§ WHAT THE EXERCISE ASKS: Please restate the data that follows word for word, with the pictures left out.

§ PROVIDED MATERIAL:
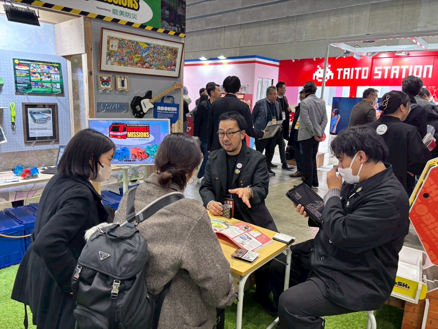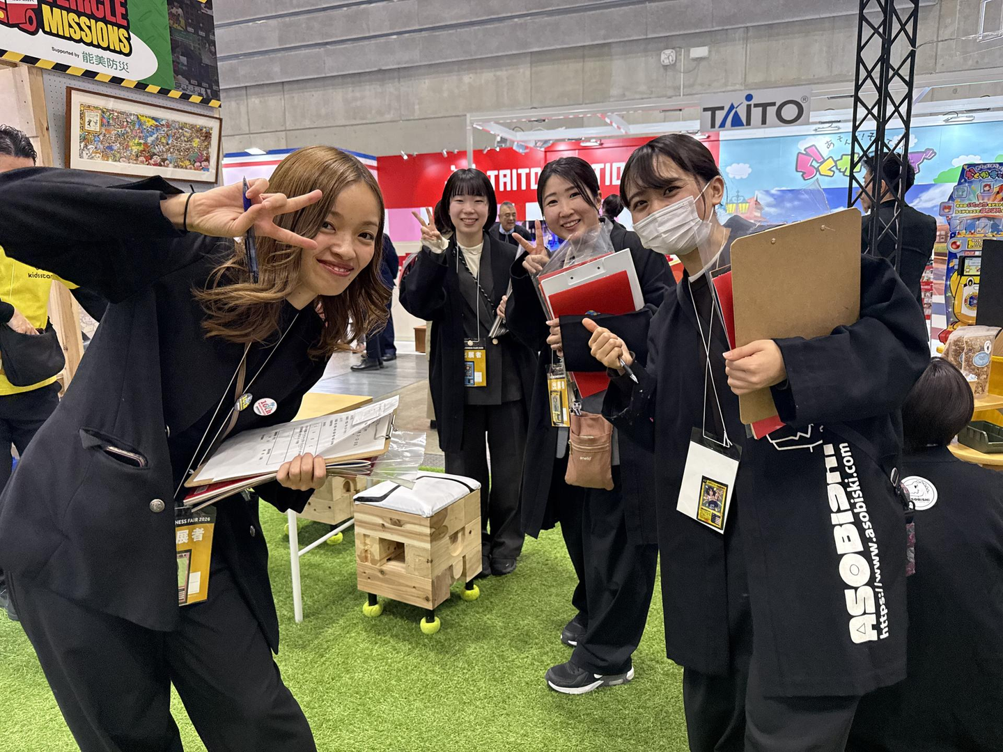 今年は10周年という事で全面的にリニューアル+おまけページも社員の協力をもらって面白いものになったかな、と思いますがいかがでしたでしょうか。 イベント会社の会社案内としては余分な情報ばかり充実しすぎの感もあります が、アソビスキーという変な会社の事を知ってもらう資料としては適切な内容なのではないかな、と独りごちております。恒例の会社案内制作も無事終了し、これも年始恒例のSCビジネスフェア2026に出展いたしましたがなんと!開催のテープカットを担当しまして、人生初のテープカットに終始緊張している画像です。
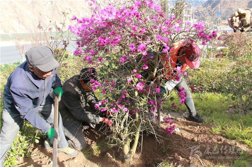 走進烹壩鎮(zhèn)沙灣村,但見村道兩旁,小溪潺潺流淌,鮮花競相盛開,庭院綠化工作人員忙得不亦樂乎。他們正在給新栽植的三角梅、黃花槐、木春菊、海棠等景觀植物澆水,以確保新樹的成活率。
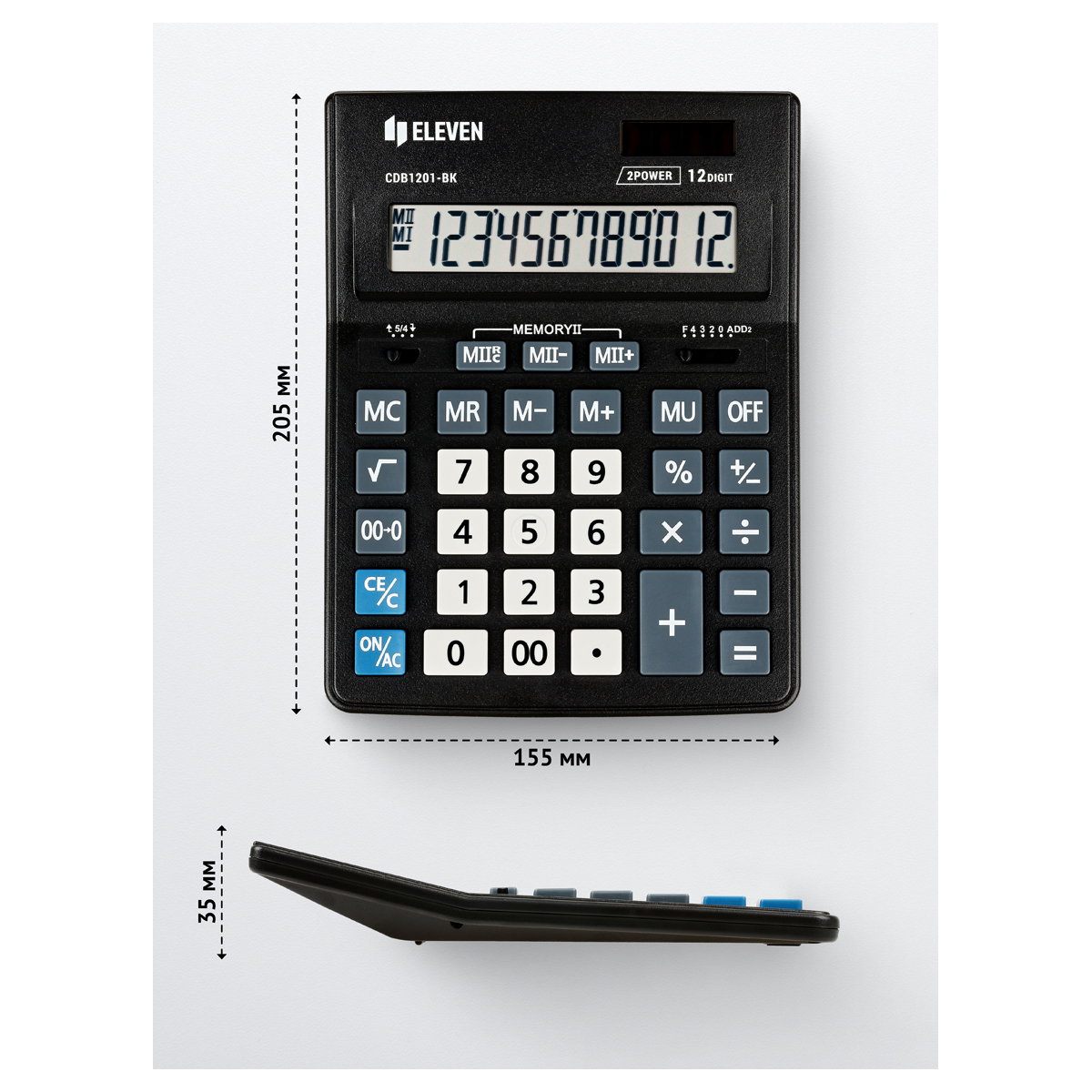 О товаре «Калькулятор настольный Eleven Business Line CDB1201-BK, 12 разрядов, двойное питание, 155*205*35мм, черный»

§ SOLVED EXERCISE:
 今年は10周年という事で全面的にリニューアル+おまけページも社員の協力をもらって面白いものになったかな、と思いますがいかがでしたでしょうか。 イベント会社の会社案内としては余分な情報ばかり充実しすぎの感もあります が、アソビスキーという変な会社の事を知ってもらう資料としては適切な内容なのではないかな、と独りごちております。恒例の会社案内制作も無事終了し、これも年始恒例のSCビジネスフェア2026に出展いたしましたがなんと!開催のテープカットを担当しまして、人生初のテープカットに終始緊張している画像です。
 走進烹壩鎮(zhèn)沙灣村,但見村道兩旁,小溪潺潺流淌,鮮花競相盛開,庭院綠化工作人員忙得不亦樂乎。他們正在給新栽植的三角梅、黃花槐、木春菊、海棠等景觀植物澆水,以確保新樹的成活率。
 О товаре «Калькулятор настольный Eleven Business Line CDB1201-BK, 12 разрядов, двойное питание, 155*205*35мм, черный»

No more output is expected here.